Well, I’ve made some progress.  From time to time I can get a photo stuck in one of my posts, although I only seem to be able to do that through Windows Live Writer and not directly in Word Press.  Yes, I admit to being technologically-challenged and am not so proud that when I realize I’m in over my head the common sense thing is to ask for help.

Help!

One of the other things that I didn’t know was the world of blogging had awards.  I learned this when a very kind gentleman, Eric Alagan (Written Words Never Die) nominated me for the 7 x 7 award.  This was so early on that I had not even compiled a list of other blogs that I wanted to follow – at least not seven of them.  So I put this aside until I could develop a list of fellow-bloggers whose work I wanted to share with all of you out there.

Well, I had my list of seven people finally but then I was trying to figure out how to “paste” the award in my blog – and where exactly I was supposed to place it.  I tried everything I could think of – even going to the extent of printing the page which carried the award, cutting the award into an appropriate size and pasting it on my laptop’s monitor.  I then pulled out the magic wand that I had purchased years ago from a sideshow wizard, waved it as I had been instructed and pronounced the magic formula which he had taught me.  Nothing happened.  But in all honesty, I’ve had problems with that wand ever since I got it.  I think it’s defective.

Compounding my problem I was nominated for yet a second award, this one called the Liebster Award.  This time it was “allaboutlemon” (a/k/a/ adollyciousirony) who did the nominating.  Again more efforts at pasting – but alas the same result as before.  In addition, one of the conditions of the award is to “link back” to allaboutlemon’s blog.  Oh, if I only knew how to do that.  My experience with linkage is limited to metal chains and breakfast sausage.

In the interim of receiving these awards I have attempted to get help from the friendly customer service people at Word Press.  There has been a problem with that as they assume that if you’re smart enough to have a blog you probably have an IQ that exceeds that of a kumquat.  (Sigh).  I’m sure that any fourth grader could answer my questions, but most of the kids in the neighborhood are further along than that and I don’t want to embarrass myself in front of them.  They think that I’m “cool” – and it would be wrong to dispel such childhood notions – even if they are based on sheer fantasy.

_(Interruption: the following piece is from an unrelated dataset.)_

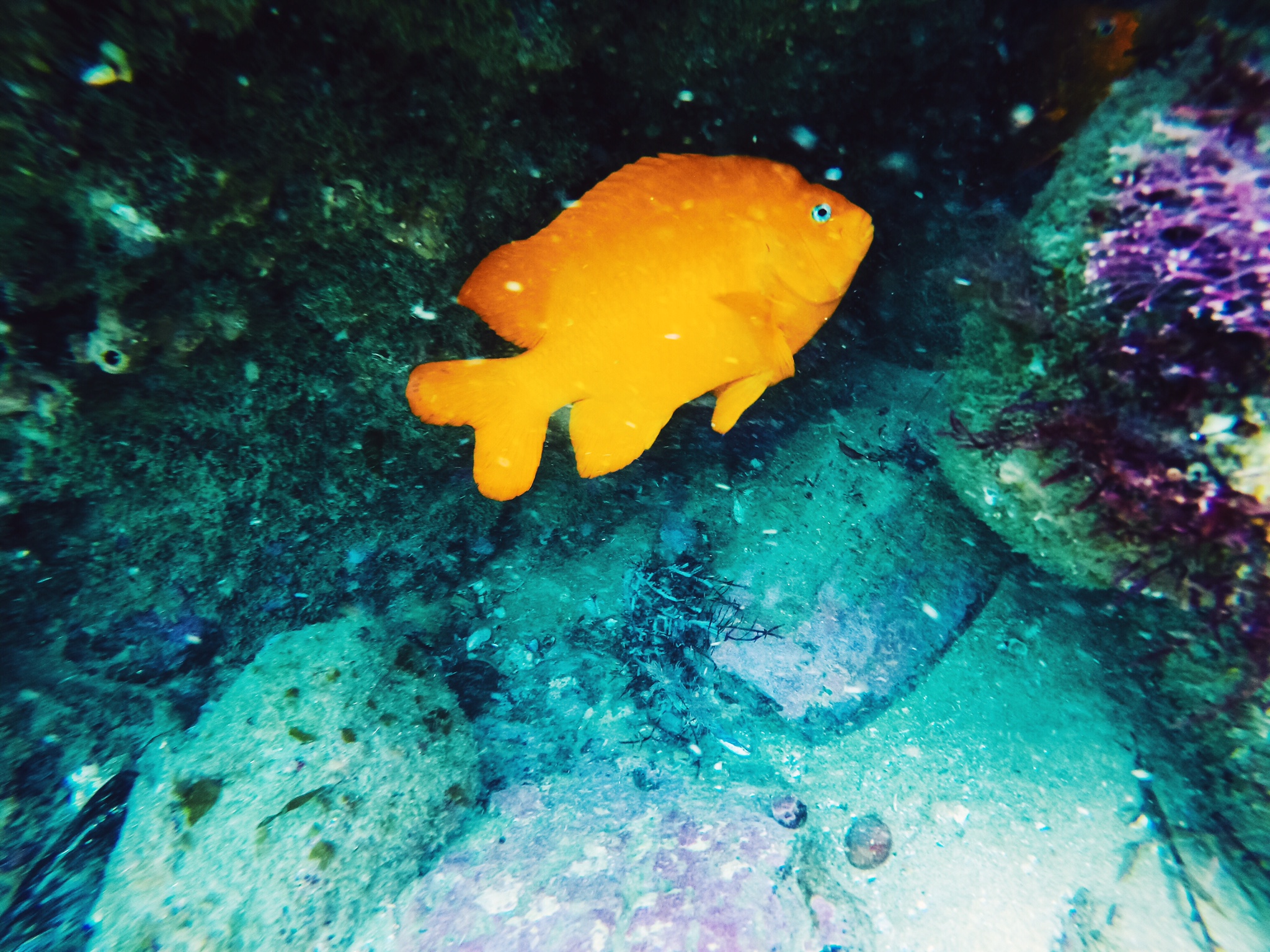 Garibaldi (Hypsypops rubicundus) are territorial fish. Males will clear bottom territories and combat other fish and even SCUBA divers that come too close to their territory. However, it is uncommon that there is intraspecfic aggression; Garibaldis generally “respect” each other’s territories, so there is no need for aggression within species.

So if any of you knows how to and where to paste these awards and “link” to another blog, I would be greatly appreciative if you would let me know.  And I apologize to my two nominators for my delay in responding.  Now you know why.  If you do respond, please remember to use baby talk and speak slowly!

 juwanna@NoFoolsOnTheHill.com

That’s the end of Help – Part I

Here’s Help – Part II

Every so often I get an idea.  Less frequently one of them is good.  But I have one that I’ve been incubating for awhile.  It’s an idea for a book – about cats.

I will admit that I am more prone to have canine companionship – but I have had several of the furry felines in my life.  They were very civilized and thought that they were dogs.

But back to the book.  I had been looking for a cartoonist with a whimsical artistic sense who could draw the two very special cats that I had created (mentally).  Sadly, none of the artists who submitted their work did much to impress me.  (And I impress fairly easily as anyone who can daub a canvass with splotches qualifies as an artist in my mind.  Can you say Jackson Pollock?)  So I tabled the idea for a few years and just decided to dust it off.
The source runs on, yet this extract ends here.